Make sure you have Python>=3.5 installed. To install this package, open a terminal and type the following:

git clone https://github.com/yingqiuz/netflows.git
cd netflows
python setup.py install

Examples

Find all possible paths

To find all paths that are shorter than k steps (i.e., binary distance) from a source node s to a target node t, run the following:

from netflows import CreateGraph

# create the Graph object
my_graph = CreateGraph(adj=adjacency_matrix, dist=distance_matrix, weights=weight_matrix)
# find all possible paths below k steps from source node s to target node t
allpaths = my_graph.findallpaths(s, t, cutoff=k)

allpathsis a list of all the possible paths from s to k shorter than k. Each element is a list storing the nodes' indices in the order that the users traverse from s to t. NB: in the adjacency/distance/weight matrix, element i, j denotes the directionality from i to j.

Find shortest paths

To find the shortest path from s to t:

d = my_graph.dijkstra(s, t)

which returns the binary shortest distance from s to t, or the weighted version:

d = my_graph.dijkstra_weighted(s, t)

Find System Optimal flow

To find the system optimal flow assignment that minimizes the total travel cost of all the network users:

from netflows import system_optimal_linear_solve

# find the optimal flow assignment and the total travel cost
flows_path_formulation, flows_edge_formulation, total_travel_cost, edge_travel_cost = system_optimal_linear_solve(my_graph, s, t, tol=1e-8, maximum_iter=100000, cutoff=k)

flows_path_formulation is a list of flows corresponding to the elements in allpaths. flows_edge_formulation is a matrix with element i, j storing the flow on edge (i, j). total_travel_cost is the total travel cost incurred by all the users (a scalar value), and edge_travel_costis a matrix with element i, j storing the travel cost on edge (i, j) incurred by the users that traverse this edge.

Also supported: system_optimal_affine_solve, system_optimal_bpr_solve.

Find Wardrop Equilibrium flow

To estimate the travel cost due to lack of coordination (i.e., to find the Wardrop Equilibrium flow):

from netflows import wardrop_equilibrium_linear_solve

# find the WE flow assignment and the total travel cost
flows_path_formulation, flows_edge_formulation, total_travel_cost, edge_travel_cost = wardrop_equilibrium_linear_solve(my_graph, s, t, tol=1e-8, maximum_iter=100000, cutoff=k)
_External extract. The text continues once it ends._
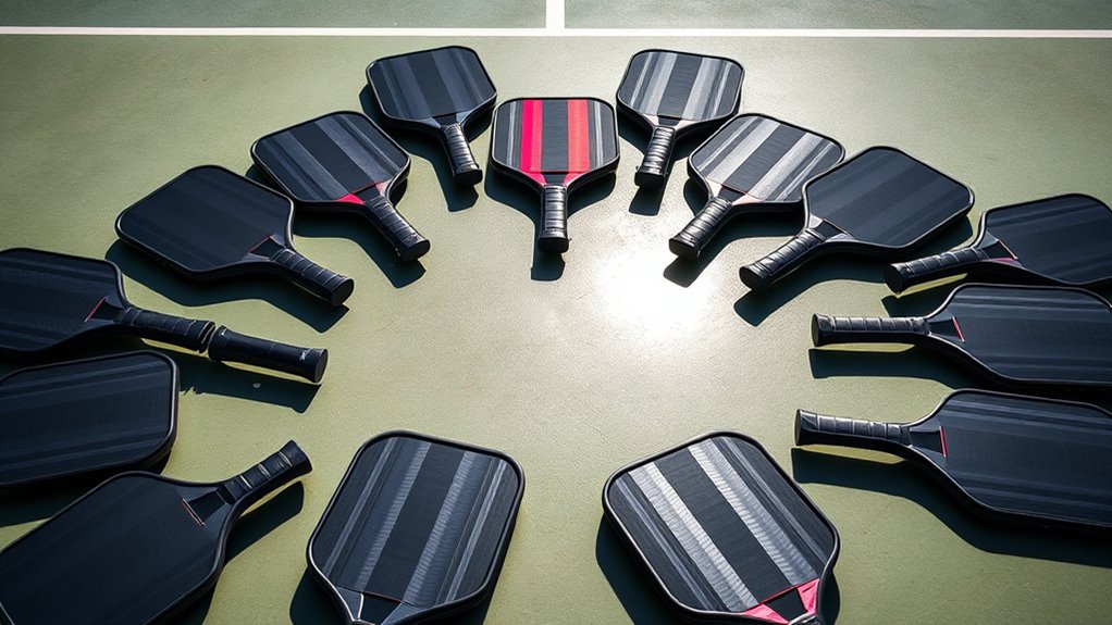 Choosing a graphite pickleball paddle set means considering how resilient the materials are, since this directly impacts how long your paddle will last. Graphite paddles are prized for their high strength-to-weight ratio, making them both sturdy and lightweight. The surface resists chipping and cracking, which helps extend the paddle’s lifespan even with frequent use. Inside, the polymer honeycomb core absorbs shocks and impacts, reducing wear and tear over time. Reinforced edges further protect against chips and delamination, maintaining structural integrity during intense play. Proper maintenance, like avoiding excessive impacts and storing paddles in protective cases, also plays a vital role in longevity. Overall, durable materials ensure your paddle stays in top condition, providing consistent performance game after game.

Likewise, flows_path_formulation is a list of flows corresponding to the elements in allpaths. flows_edge_formulation is a matrix with element i, j storing the flow on edge (i, j). total_travel_cost is the total travel cost incurred by all the users (a scalar value), and edge_travel_costis a matrix with element i, j storing the travel cost on edge (i, j) incurred by the users that traverse this edge.

Aso supported: wardrop_equilibrium_affine_solve, wardrop_equilibrium_bpr_solve.

Getting involved

We welcome all bug reports, suggestions and changes! If you are interested in getting involved, please refer to CONTRIBUTING and CODE_OF_CONDUCT for the guidelines, fork the repository on GitHub, and create a pull request. Thank you!

Reference

[1] Wardrop, J. G. (1952, June). Some theoretical aspects of road traffic research. In Inst Civil Engineers Proc London/UK/.

[2] Braess, D. (1968). Über ein Paradoxon aus der Verkehrsplanung. Unternehmensforschung, 12(1), 258-268.

[3] Correa, José R., and Nicolás E. Stier-Moses. "Wardrop equilibria." Encyclopedia of Operations Research and Management Science. Wiley (2011).